The inequality between CEO pay and the typical worker’s pay has grown in leaps and bounds.
In 1965, CEOs of big American companies earned 24 times the typical worker’s pay, according to the Economic Policy Institute. The EPI is a non-partisan think tank.
In 2007, the difference was 275 times the typical worker’s pay. The average CEO’s compensation had increased 167.3% from 1989 to 2007. In the same period, the compensation of the typical worker had risen by only 10%.
The huge gap between CEO and worker pay in America has no rival around the world, according to the EPI’s statistics. The United Kingdom is the only nation that comes close. Other than the U.K., all European nations and Japan have much smaller ratios of CEO to worker pay.

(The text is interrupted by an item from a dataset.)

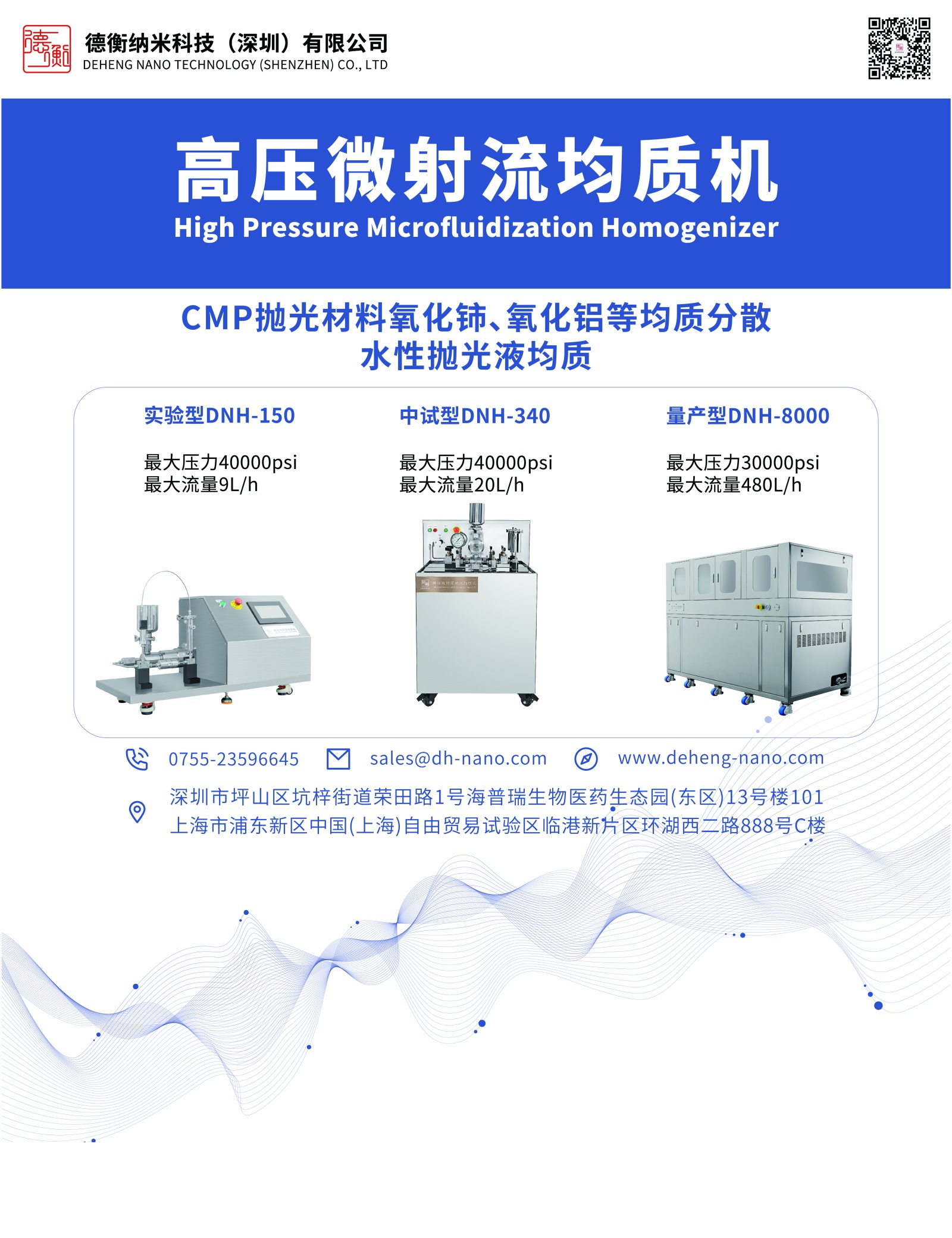 德衡納米科技(深圳)有限公司,是專業(yè)研發(fā)及生產(chǎn)微射流均質(zhì)機(jī)的本土企業(yè)。主營設(shè)備包含實(shí)驗(yàn)型、中試型、量產(chǎn)型、防爆型與醫(yī)藥型等多種型號(hào)的微射流均質(zhì)機(jī)。

The flap about big bonuses for executives of bailed out banks is only the most recent instance of long-run concerns about growing inequality.
Even before the 2008 crash, some leaders labeled the rising pay gap “perfectly scandalous,” called for a “fat cat” tax on the highly compensated, and argued for an all-around cap on top executives’ pay.
These weren’t even American leaders—they were Europeans referring to the rising gap in their own countries. They were quoted in a USA Today article last year.
America continues to top the pay-inequality list. Should this be a cause for concern?
Are you concerned about it? Why or why not?